Balaam and his team have been working on the unit for the past few months and will create a separate housing unit similar to military barracks for veterans. The unit will have only veterans working together to replicate the camaraderie found among soldiers and gives them the opportunity to talk to each other without the separations between inmates usually found in detention centers.

The programming veterans will receive will make them aware of the resources available to them at the jail and when they get out. The jail is working with veterans services agencies including the Northern Nevada Veterans Resource Center (NNVRC) and the Veterans Affairs Reno Regional Office.

“We’re going to bring in very specific targeted programming just for those veterans, so the classes they’ll have available, for example, anger management, domestic abuse, substance abuse, and parenting are four major ones,” said Venn. “Those are classes that we offer them that they can go to and be in a more comfortable environment amongst just veterans.”

WCSO is also applying a psychological approach with the help of Deputy Shannon Aller, who has a degree in psychology and will use data collected by studying participants in the unit to build a model that could potentially be used for other groups in the jail.

“The reason that we’re doing that — not only for us as an agency to track recidivism and see what’s working, but to make sure that what we are putting in this unit is what they need,” Aller said in an interview.

Before the program was started, Venn was somewhat skeptical of an all-veteran unit. He has been a police officer for 15 years and also is a veteran.

At first, the veterans that were asked about the unit were in their own, separate groups. Once Venn introduced himself as a veteran and said he wanted to start a veterans unit, the change was instantaneous. They went from being standoffish and protective of their personal space to unifying under their shared identity as veterans.

“The idea of peer support came up almost immediately and that is not something you hear walking around a jail,” said Venn. “I asked [an inmate] ... can you share your food, can you sit at the same table’ and they said, ‘We’re veterans first.’”

The veterans unit at WCSO is similar to other veterans units across the country but is run completely independent of the units at High Desert State Prison outside of Las Vegas and Warm Springs Correctional Center in Carson City. They all share the goal of reducing recidivism among the veteran population and bringing specialized programs to veterans before they leave.

According to a Bureau of Justice report, more than 180,000 veterans nationwide are in state and federal prisons and local jails and were formerly incarcerated prior to serving their current sentence. Close to half of all veterans in prison and jail have been told by a mental health professional that they have a mental disorder, and veterans who were in combat are more prone to mental health issues than non-combat veterans, the report shows.

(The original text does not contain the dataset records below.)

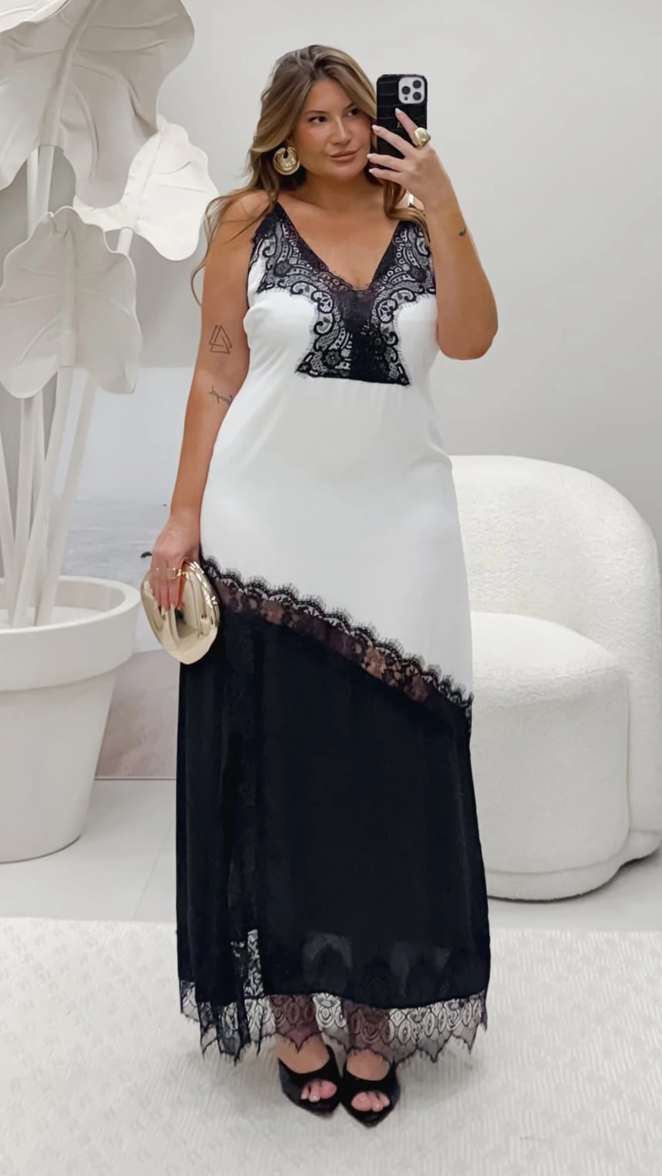 vestido longo com manga babado e cut out abaixo do busto quebela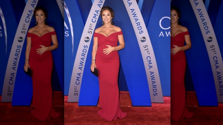 While some women might try to hide their growing baby bump, Jessie James Decker chose to show hers off to the world in a red hot body-hugging gown. As the Daily Mail notes, the country singer-turned-reality TV star wore a cranberry Nookie Dolly dress. Like many other CMA attendees, Decker kept her accessories simple, wearing silver teardrop earrings and several glitzy bangle-style bracelets on her right wrist. Hair pulled back in a loose ponytail, Decker allowed her pregnant belly to take center stage, demonstrating that women can be drop dead gorgeous no matter what trimester they're in.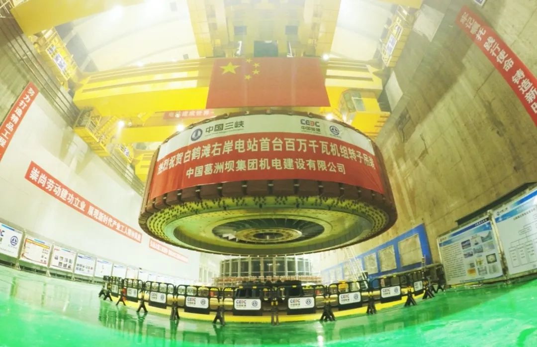 白鶴灘右岸電站首臺百萬千瓦機組轉子吊裝

In Washoe County, the sheriff’s office is partnering with Truckee Meadows Community College to offer continuing education for inmates along with representatives from Reno Job Connect, who visit biweekly to start preparing inmates for a job search once they get out.

The prison unit itself is not like a boot camp where drill sergeants yell at inmates and the focus is primarily on physical training. The new setting will include correctional officers who are also veterans, keep a familiar environment like the military and focus on programming that will take up participating inmates’ time from Monday to Friday.

“You did a great thing for our country, we’re going to do a great thing for you by giving you these resources and we’ll let you get back to who you should be,” Venn said about the message the agency wants to send veterans. “We’re going to give them a place to go, a job plan, transitional housing, and a contact.”